I worked on a project for my previous employer that used .NET, and there was a built in .resx format we used. We basically had a file that had all translations in the .resx file, and then multiple files with different translations. The consequence of this is that you have to be very diligent about ensuring that all strings visible in the application are stored in the .resx, and anytime one is changed you have to update all languages you support.
If you get lazy and don't notify the people in charge of translations, or you embed strings without going through your localization system, it will be a nightmare to try and fix it later. Similarly, if localization is an afterthought, it will be very difficult to put in place. Bottom line, if you don't have all visible strings stored externally in a standard place, it will be very difficult to find all that need to be localized.
One other note, very strictly avoid concatenating visible strings directly, such as
String message = "The " + item + " is on sale!";
Instead, you must use something like
String message = String.Format("The {0} is on sale!", item);
The reason for this is that different languages often order the words differently, and concatenating strings directly will need a new build to fix, but if you used some kind of string replacement mechanism like above, you can modify your .resx file (or whatever localization files you use) for the specific language that needs to reorder the words.
I was just listening to a Podcast from Scott Hanselman this morning, where he talks about internationalization, especially the really tricky things, like Turkish (with it's four i's) and Thai. Also, Jeff Atwood had a post:
Besides all the previous tips, remember that i18n it's not just about changing words for their equivalent on other languages, especially for non-latin languages alphabets (korean, Arabic) which written right to left, so the whole UI will have to conform, like
item 1
item 2
item 3
would have to be
arabic text 1 -
arabic text 2 -
arabic text 3 -
(reversed bullet list doesn't seem to work :P)
which can be a UI nightmare if your system has to apply changes dinamically once the user changes the language being used.
Another very hard thing is to test different languages, not just for the correctness of word, but since languages like Korean usually have bigger font type for their characters this may lead to language specific bugs (like "SAVE" text on a button being larger than the button itself for some language).

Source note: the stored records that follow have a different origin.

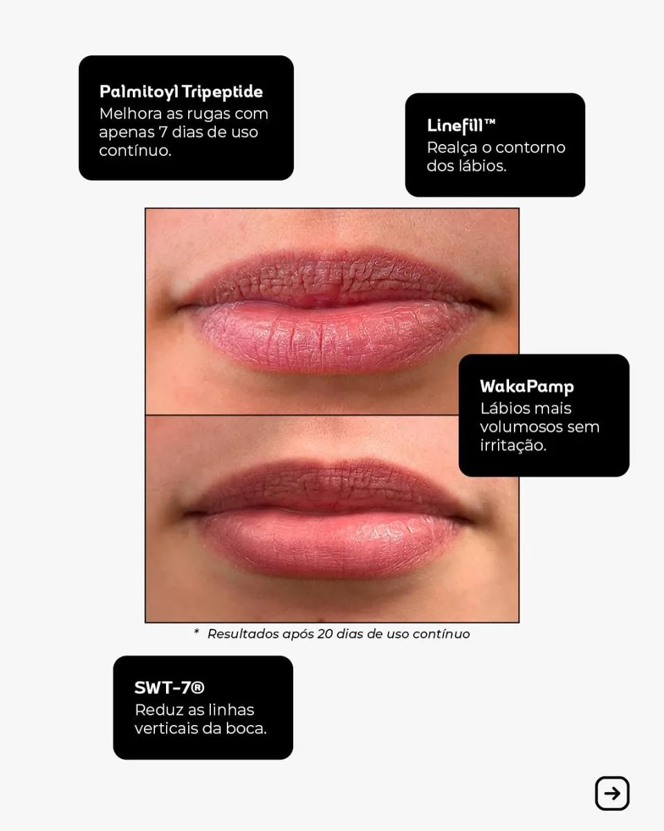 - Suaviza linhas verticais ao redor dos lábios com tecnologia de peptídeos.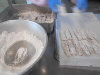 ↓「いわしのかば焼き」を作っているところです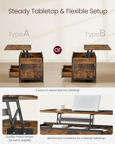 VASAGLE Lift Top Coffee Table, Living Room Table, with Storage Drawers, Hidden Compartments, and Open Shelf, Rustic Brown and Ink Black LCT209K01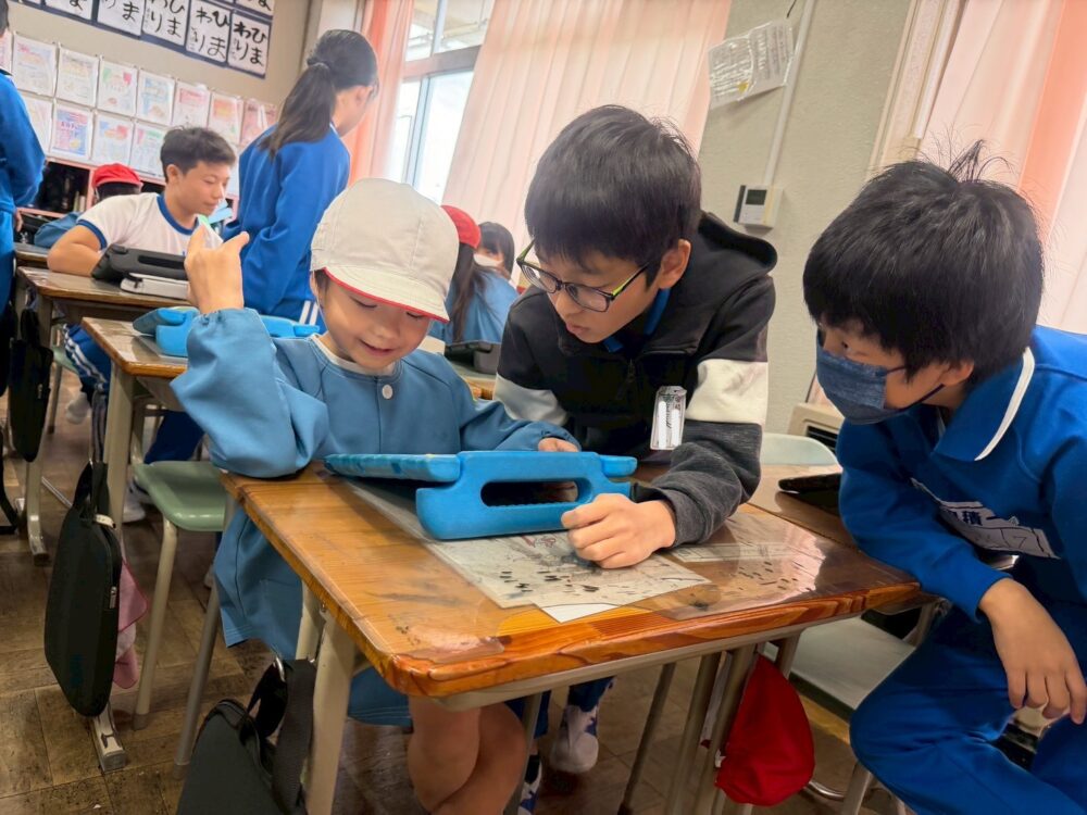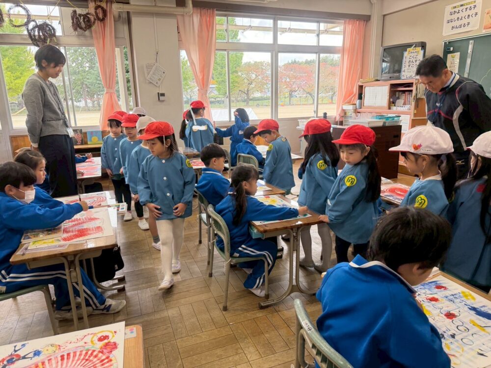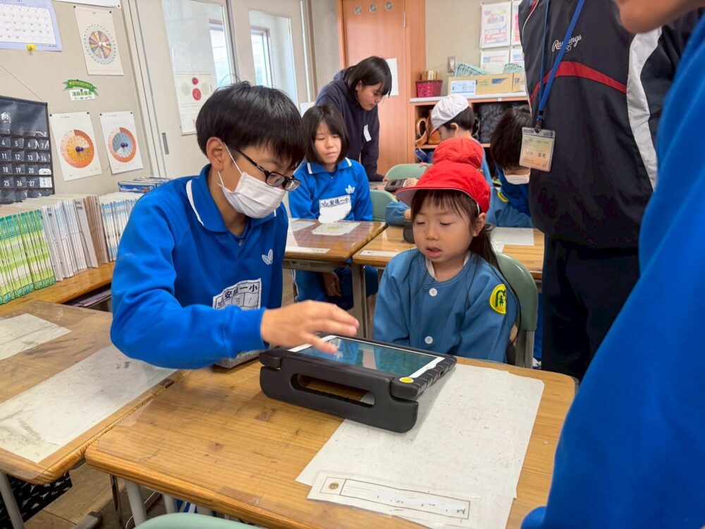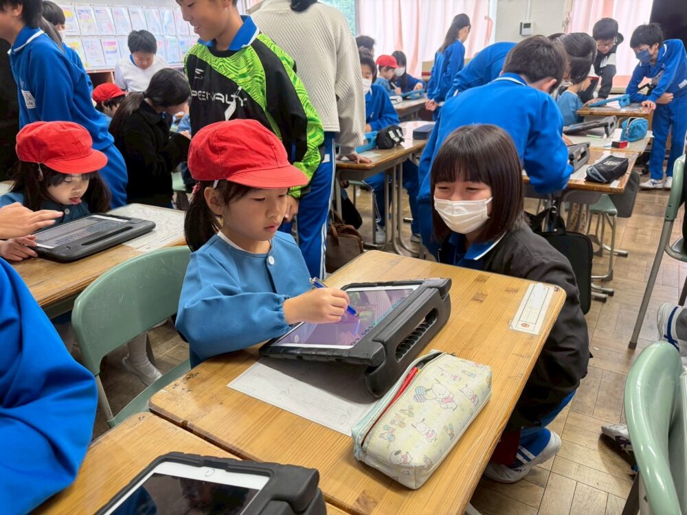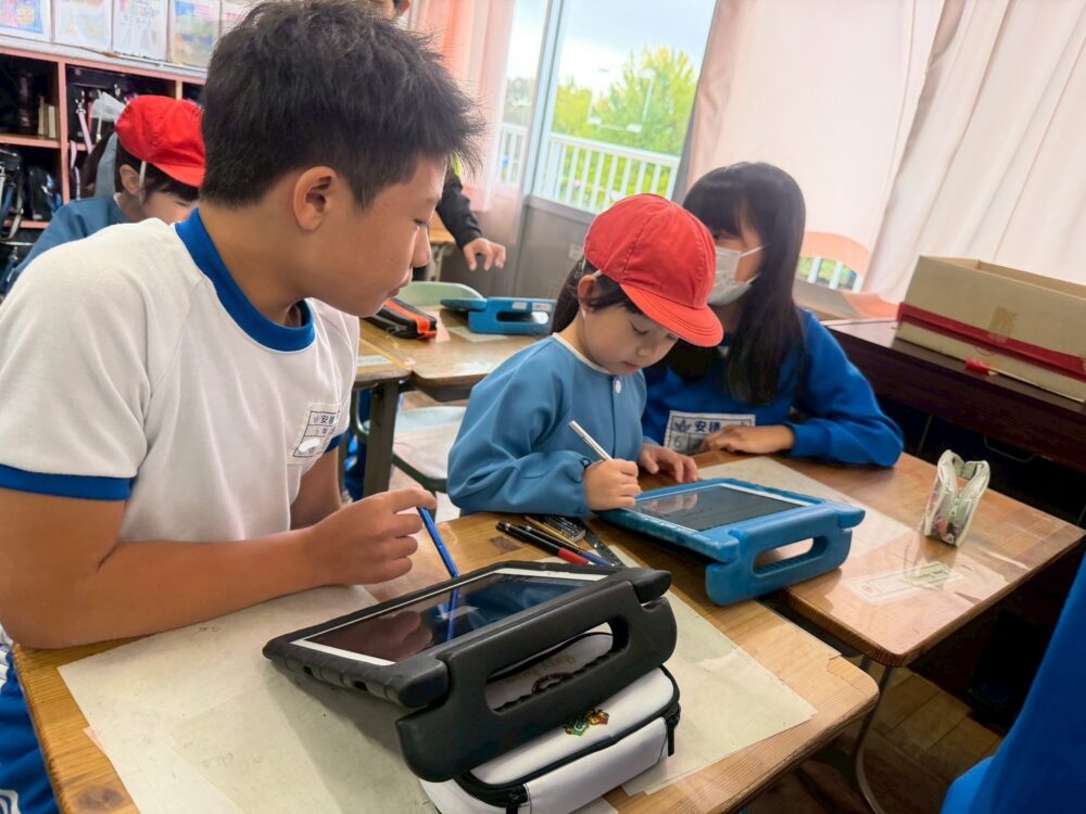 さくら組さんは、先週の安積第三小学校に引き続き安積第一小学校に行ってきました。校長先生自ら案内をしてくださいました。一年生の授業の様子を参観してから、6年生のお兄さん、お姉さんにタブレットの使い方を教わり、お絵かきをしました。帰りには、運よく運動会のリレーをみることができました。

One of the funnier things to discover: italics and bold text makrup does not work with CJK (Chinese/Japanese/Korean) characters. They simply become unreadable. (OK, I couldn't really read them before either, but especially bolding just creates ink blots)

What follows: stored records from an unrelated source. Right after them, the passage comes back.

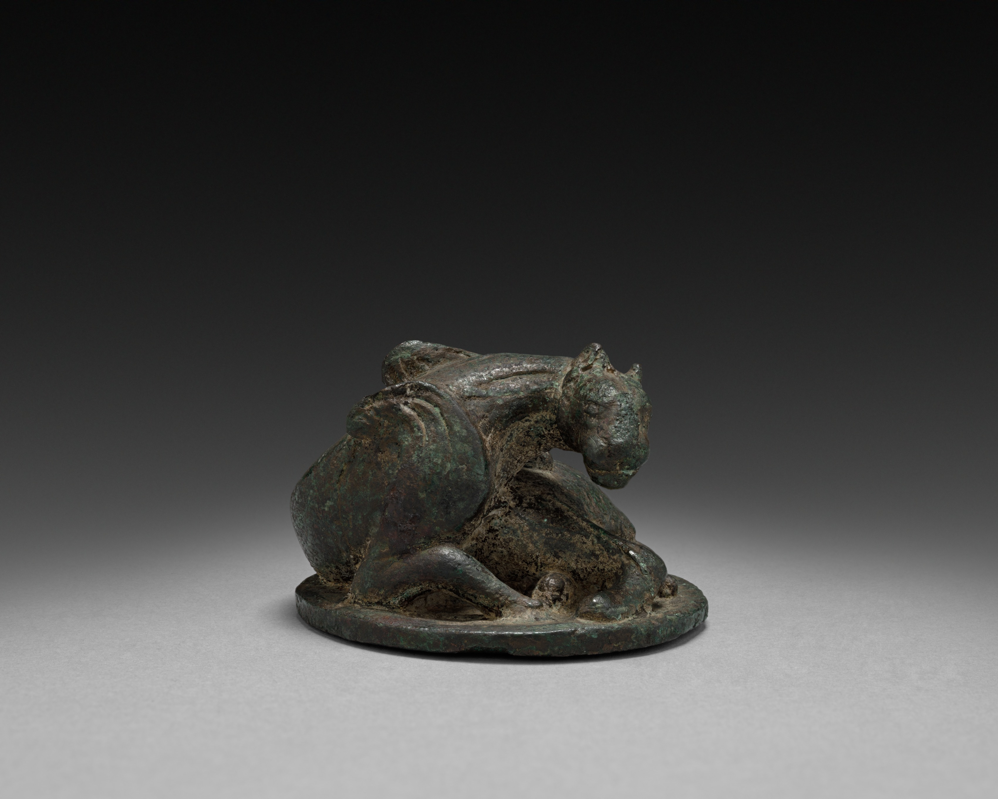 Weight in the form of a coiled animal by Unknown. The image shows a small, dark green, bronze or copper sculpture of an animal. The animal is curled up in a sitting position with its head facing to the right. The sculpture sits on a flat round base. The animal appears to have a smooth body with a round swelling on its back. The head and body are joined by a short neck. The animal's ears are visible on top of its head. The sculpture has a weathered appearance with visible signs of aging and wear. The background is dark gray to black, fading to light grey at the bottom. The sculpture casts a faint shadow on the surface it's sitting on.
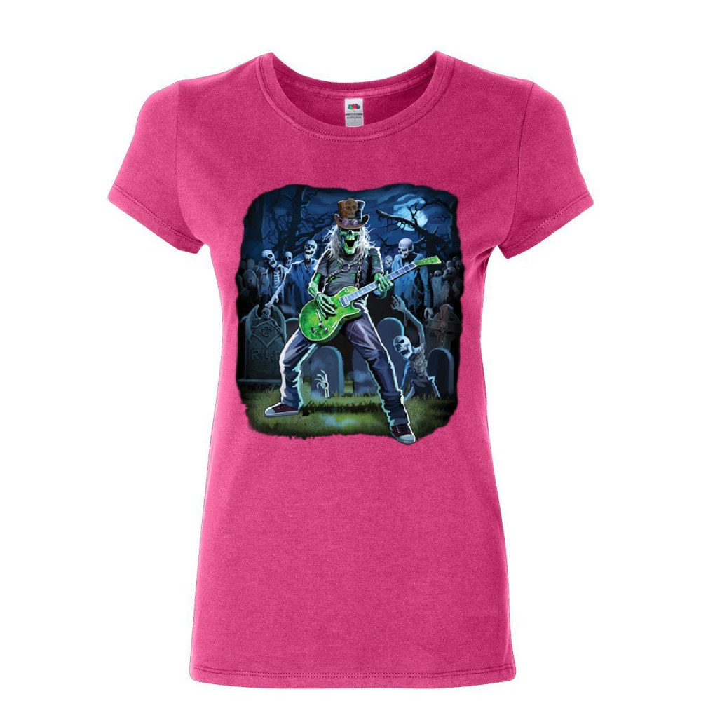 ZOMBIE ROCK women's t-shirt heavy death metal music skull hard rock shirt pink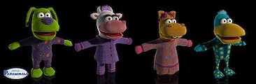 All the Pajanimals together. This was a fantastic and fun project to work on, since the characters were critiqued by the Jim Henson Company. It was very challenging to get the muppets looking fluffy with such low poly specs.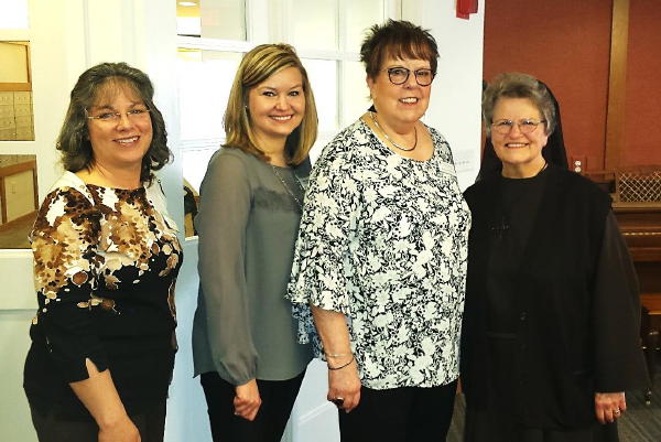 “A component of our mission is to educate individuals and families about health care issues,” said Sister Suzanne Gross, FSE, Administrator, Franciscan Home Care and Hospice Care, far right, at the recently held presentation to over 25 residents of Covenant Village, Cromwell, Connecticut. Sister, along with Kathleen Dietle, Therapy Supervisor, Anna Kurtoglu, RN, Nursing Supervisor, and Marilyn Bell, Chair, Wellness Committee, Covenant Village, have photo taken after presentation.

I think everyone working in internationalization should be familiar with the Common Locale Data Repository, which is now a sub-project of Unicode:
Common Locale Data Repository
Those folks are working hard to establish a standard resource for all kinds of i18n issues: currency, geographical names, tons of stuff. Any project that's maintaining its own core local data given that this project exists is pretty bonkers, IMHO.

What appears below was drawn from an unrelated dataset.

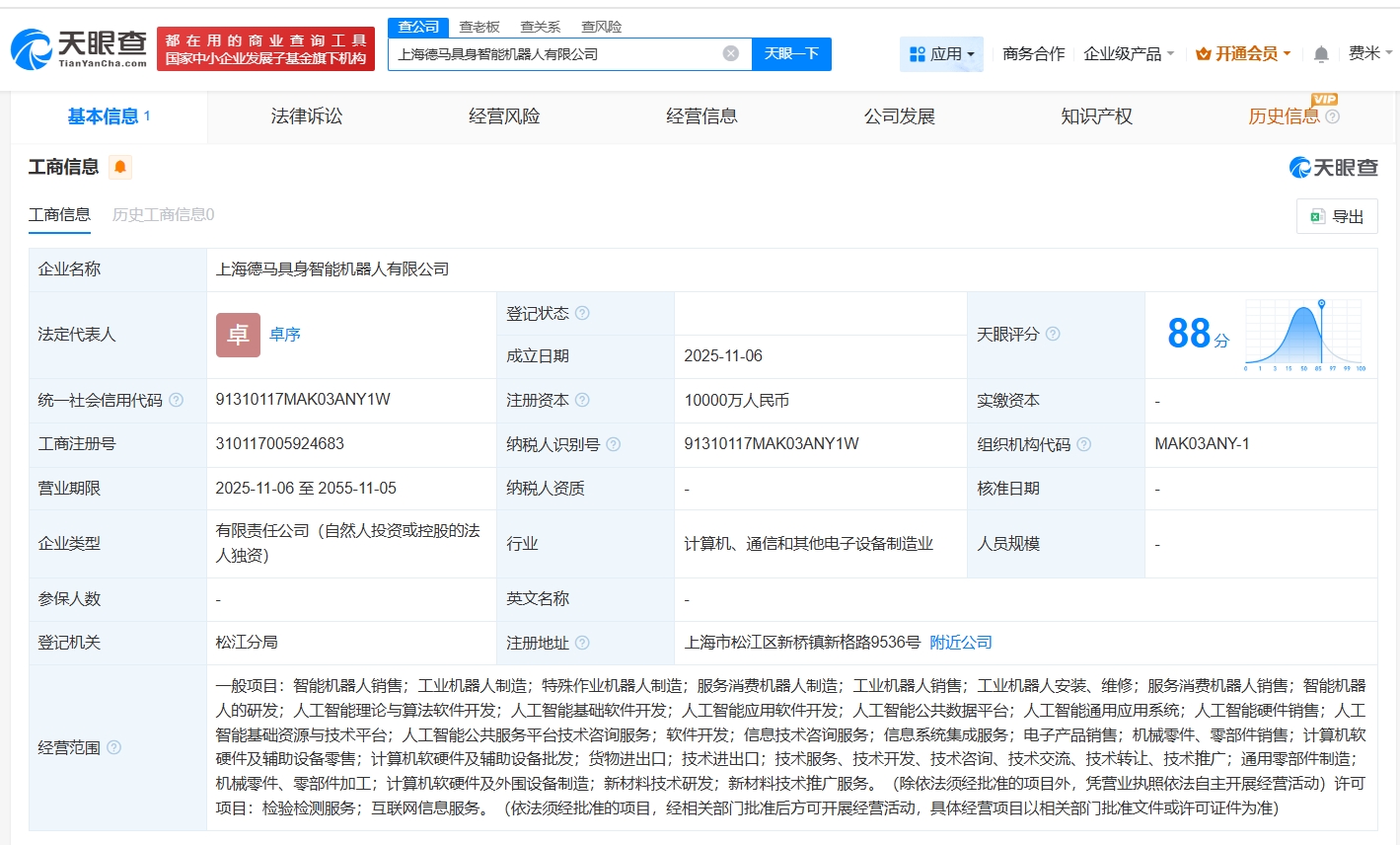 天眼查工商信息显示,11月6日,上海德马具身智能机器人有限公司成立,法定代表人为卓序,注册资本1亿人民币,经营范围包括智能机器人销售、工业机器人制造、特殊作业机器人制造等。股东信息显示,该公司由德马科技(688360)全资持股。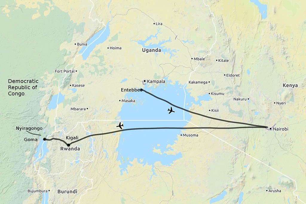 I took a flight to Kigali from Entebbe via Nairobi. From Kigali, I took a bus to Gisenyi, on the border with DRC. Getting an individual tourist visa to DRC can be burdensome, I left the formalities to the Virunga National Park (which organizes the trek to the volcano), and got mine within a day.

I suggest to use something like 99translations.com to maintain your translations . Otherwise you won't be able to tell what of your translations are up to date in every language.
Another challenge will be accepting input from your users. In many cases, this is eased by the input processing provided by the operating system, such as IME in Windows, which works transparently with common text widgets, but this facility will not be available for every possible need.
One website I use has a translation method the owner calls "wiki + machine translation". This is a community based site so is obviously different to the needs of companies.
http://blog.bookmooch.com/2007/09/23/how-bookmooch-does-its-translations/
One thing no one have mentioned yet is strings with some warying part as in "The unit will arive in 5 days" or "On Monday something happens." where 5 and Monday will change depending on state. It is not a good idea to split those in two and concatenate them. With only one varying part and good documentation you might get away with it, with two varying parts there will be some language that preferes to change the order of them.